TASK DETAILS — Working from the entries below, count every line that includes the word "Lernen". Return the figure alone.

=-=-=

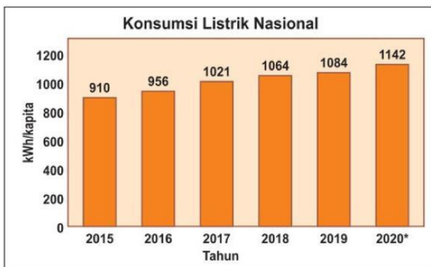
Diagram konsumsi energi listrik Indonesia tahun 2015 sampai 2019, dan target konsumsi energi listrik tahun 2020

Pada era teknologi industri dan digital ini, energi telah menjadi kebutuhan dasar untuk kelangsungan hidup manusia. Hal tersebut terjadi karena manusia sudah memiliki ketergantungan terhadap teknologi yang mempermudah pekerjaannya, sehingga kebutuhan energi ini sangat penting untuk dipenuhi. Dampaknya adalah kebutuhan akan energi listrik meningkat. Hal tersebut terlihat dari data yang ditampilkan pada grafik dibawah ini.
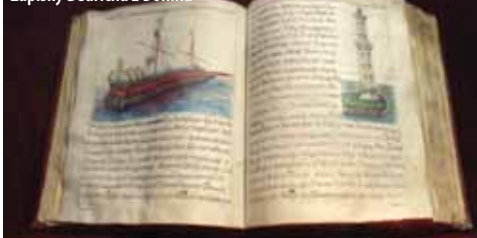
Zápisky Bedřicha z Donína

Určitě na Šumavu. Nedávno jsem tam totiž v okolí Borových Lad absolvovala dvě nádherné patnáctikilometrové pěší trasy. V létě jsem se na pár dní
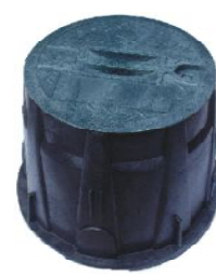
バルブボックス丸型
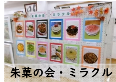
朱萼の会・ミラクル
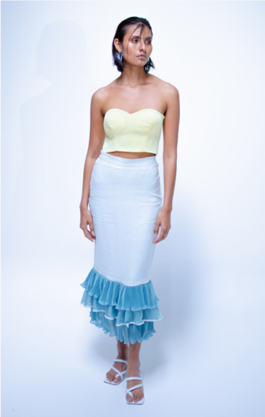
STRAPLESS COVEÑAS - FALDA / SKIRT TOLÚ
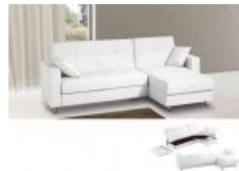
Ref. Nº CHAISEkelly Chaiselong modelo Kelly
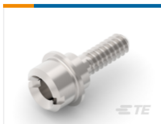
TE 系列/零件编号 786585-2 50SR SCREWLOCK KIT, FEMALE
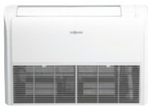
Inneneinheit für die Boden- und Deckenmontage
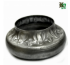
Переходник на трубу, арт. 8.877
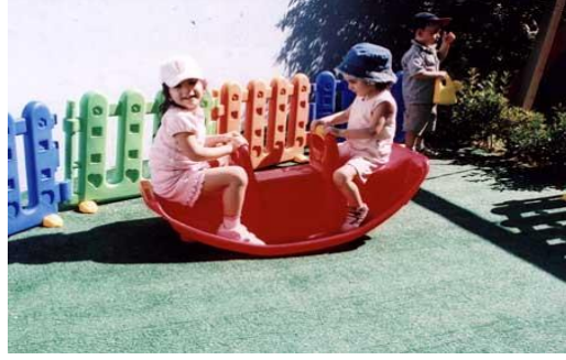
Resim 2.5: Bahçe oyun araç gereçleri
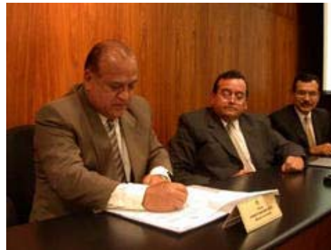
Ministro Sanabria firma convenio de cooperación interinstitucional con APRODDI

De esta manera se viene dando cumplimiento a los objetivos trazados por la presente gestión, que se ha planteado como prioridad, promover actividades que fomenten el sano esparcimiento dentro de nuestra sociedad.
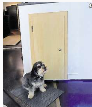
Auch Sonderanfertigen, wie diese kleine Tür – hier mit Familienhund Cooper – sind kein Problem für den Fachbetrieb.
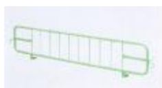
zábrana k posteli KOV5180
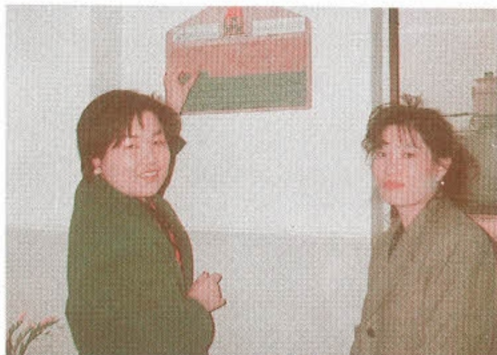
▶ 희망의 집 사랑의 벽돌쌓기 - 장기신용은행 아름회
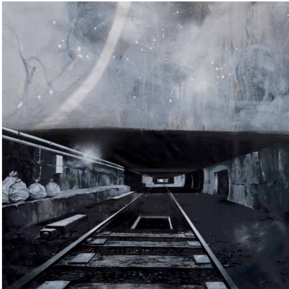
Don't go that way, go this way 2019 Acrylique, aérosol sur toile 136 x 136 cm
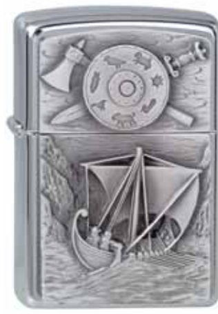
Viking Foray 300.094 #200 · 39,50 €
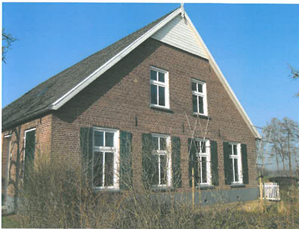
Het voormalige boerderijcomplex aan de Tuunterweg in het buitengebied van Aalten
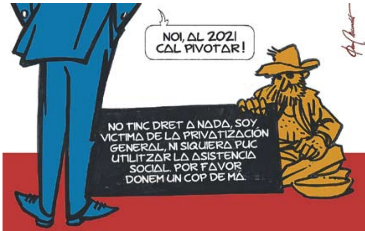
© D'aquí deu anys. || JOAN MUNDET

Castellar forma part des de la primera edició dels Projectes Rellevants del que actualment són el Clúster del Packaging i la Maquinària d'Alimentació de Catalunya i el Clúster de Tecnologies Mèdiques de Catalunya. Tal vegada, paraules com clúster (conjunt d'empreses i d'institucions agrupats al voltant d'un negoci comú en un territori, que aprofiten la demanda i la competència per a fomentar la innovació), innovació productiva o noves tecnologies sonin a música celestial, 'mantres' que
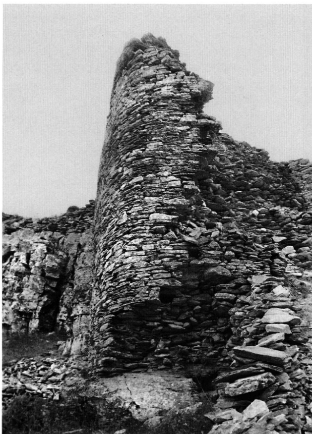
Εικ. 2. Άνδρος, Επάνω Κάστρο. Περιβόλος, Β τείχος, ο κυκλικός οχυρωματικός πύργος.

όπως είναι ευνόητο, ακόμη. Επισημαίνουμε τρία είδη τοιχοποιίας στο Επάνω Κάστρο:
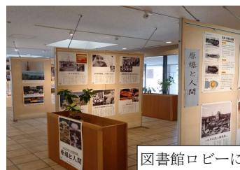
図書館ロビーにて

世界で大きな戦争が起こっている現在、核兵器使用の危機が増大しています。ヒロシマ・ナガサキの悲劇を繰り返さないために、核の脅威について考えましょう。
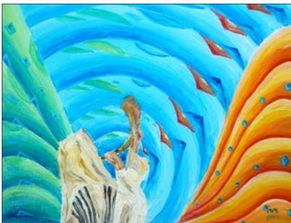
"פתח לנו שער". לנצל את היום הקדוש (ציור: יהושע ויסמן)

אחת העצות הניתנות למצב זה היא לכוון את ההתעוררות של הימים הנוראים להחלטות מעשיות מוגדרות, גם אם הן קטנות. הנטייה הטבעית של אדם בעומדו בהתעוררות ביום
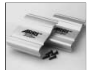
L4.79246NE Set of side panels (USA) NRTL (from ser.no.6331) silver Set Seitenbleche (USA) NRTL (ab Ser.Nr.6331) silber
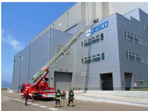
公設消防隊:梯子車での救出作業
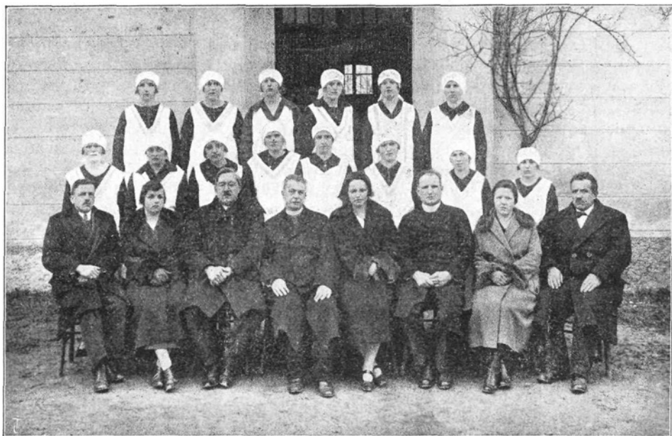
Udeleženke gospodinjskega tečaja v Moravčah.

Zadnje dni pred razstavo pa postane v tečaju nenavadno živahno. Načrt za razstavo je že izdelan; pri tem se je bilo seveda treba ozirati na razstavne prostore. V šivalnici se dogotavljajo zadnji predmeti za razstavo. V kuhinji se skrbno izbirajo in pripravljajo kuharski izdelki za razstavo in sestavlja jedilnik za poslovilni obed.
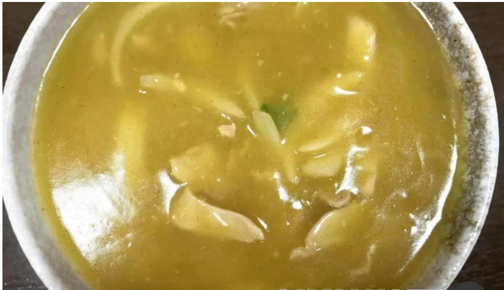
にしきそば 浜田本店 最新
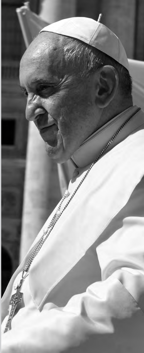
Papež František při návštěvě Bahrajnu, dne 6. 11.2022. Redakčně upraveno a zkráceno.
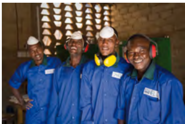
Sahel Lab, Niger

Pour soumettre une demande de financement, merci de bien vouloir contacter :
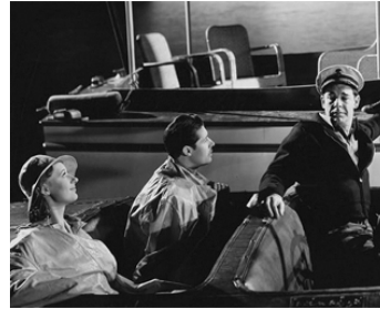
1938 JOSETTE ET COMPAGNIE (Josette) d'Allan Dwan avec Joan Davis, Robert Lowery
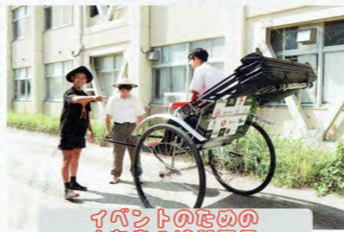
イベントのための人物等の練習風景
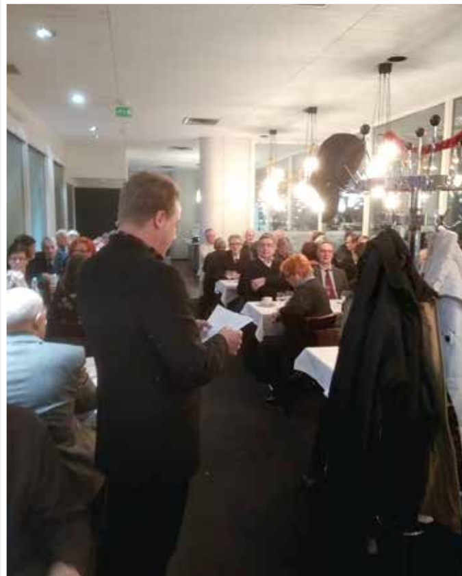
Ammattiosaston johdon tervehdyspuhe 10-v. juhlassa.
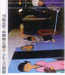
既設コンクリート面の落書き・汚れ防止
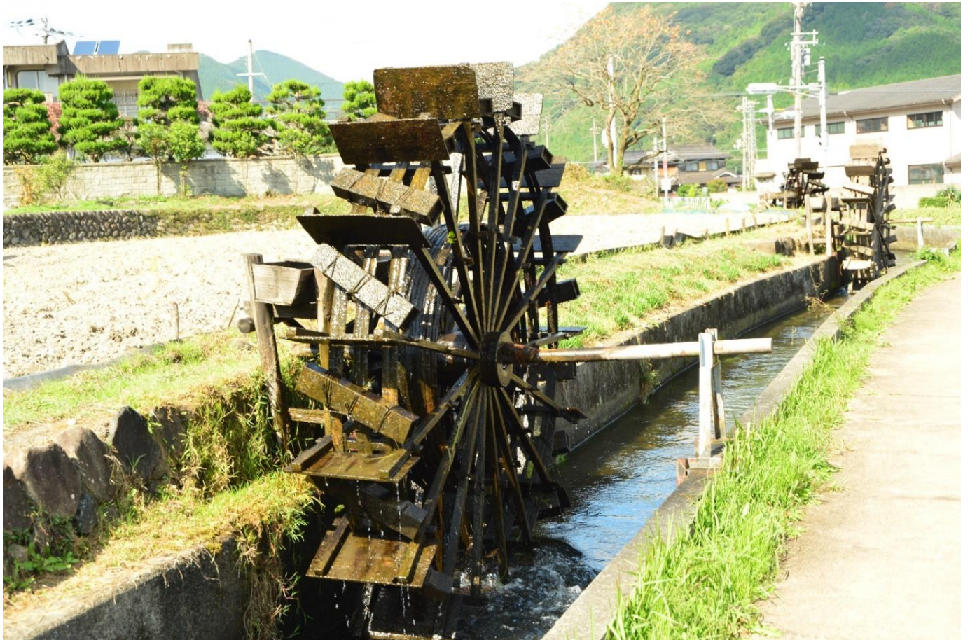
兵庫県神河町新野
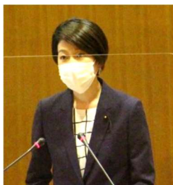
子どもに係る内容にしばって質問しました

「子育て世帯生活支援特別給付金事業」、「新型コロナウイルス感染症生活困窮者自立支援金支給事業」を含む一般会計補正予算など可決されました。また、オリパラ中止を求める意見書を議会ですすよう求める陳情は、付託された委員会では日本共産党のみ採択を主張。自民、公明など他党派の多くが不採択、一部が趣旨採択を主張し、不採択となりました。残念です。
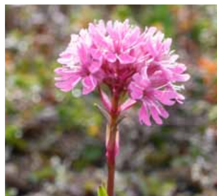
Fjällnejlika, växer bland hållarna mot älven

Vill man göra en lite längre skogspromenad i anslutning till ett besök vid Bålforsen så kan Grävetjärnsberget i Lyckans Fritidsområde, ca 9 km österut rekommenderas.
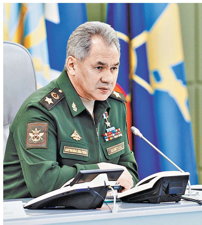
Приоритетом Сергей Шойгу назвал обустройство войск в Арктике и Крыму.
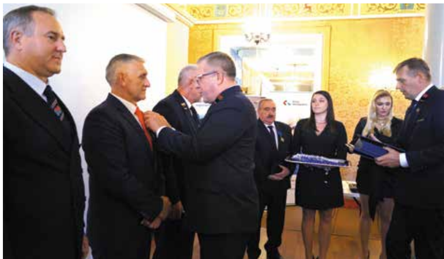
Obchody Dnia Maszynisty w Sali Lustrzanej Stacji Muzeum w 2022 roku
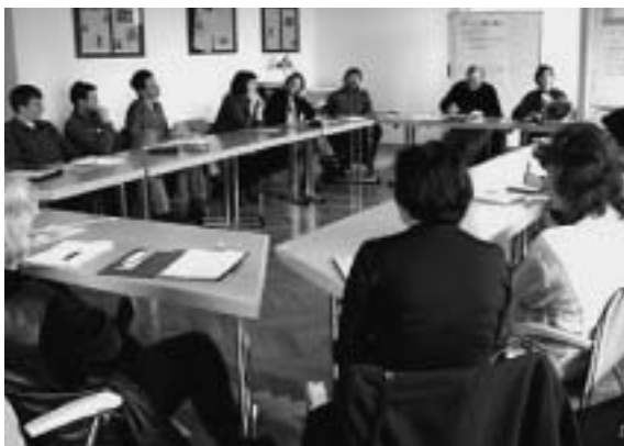
Interkulturelles Lernen theoretisch

Von zwei kompetenten und sympathischen Trainerinnen für interkulturelles Lernen wur-
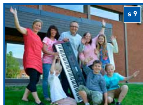
Informasjon om kirkevalget
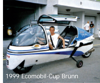
1999 Ecomobil-Cup Brünn
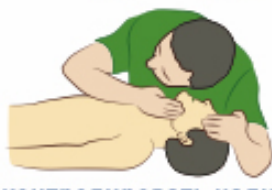
Проконтролировать наличие пассивного выдоха
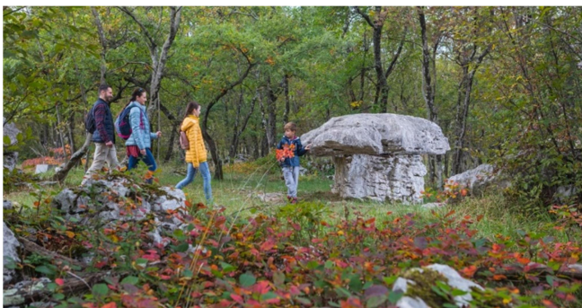
Slika 5: kamnita goba

Do muzeja bodo potrebovali približno 15 minut hoje, tam pa jih bo dočakal naslednji vodič, ki jih bo v dveh urah popeljal po poti ob kateri bodo lahko videli razne znamenitosti kot so Štirne, pastirske hiške, škrapljišča, naravna forma viva, kamniti gobi, smodnišnice, Golokratno jamo in Napoleonov hrast. Za obisk Živega muzeja Krasa bi vsak dijak odštél približno 5,00 EUR.

=-=-=

ANSWER SECTION — 2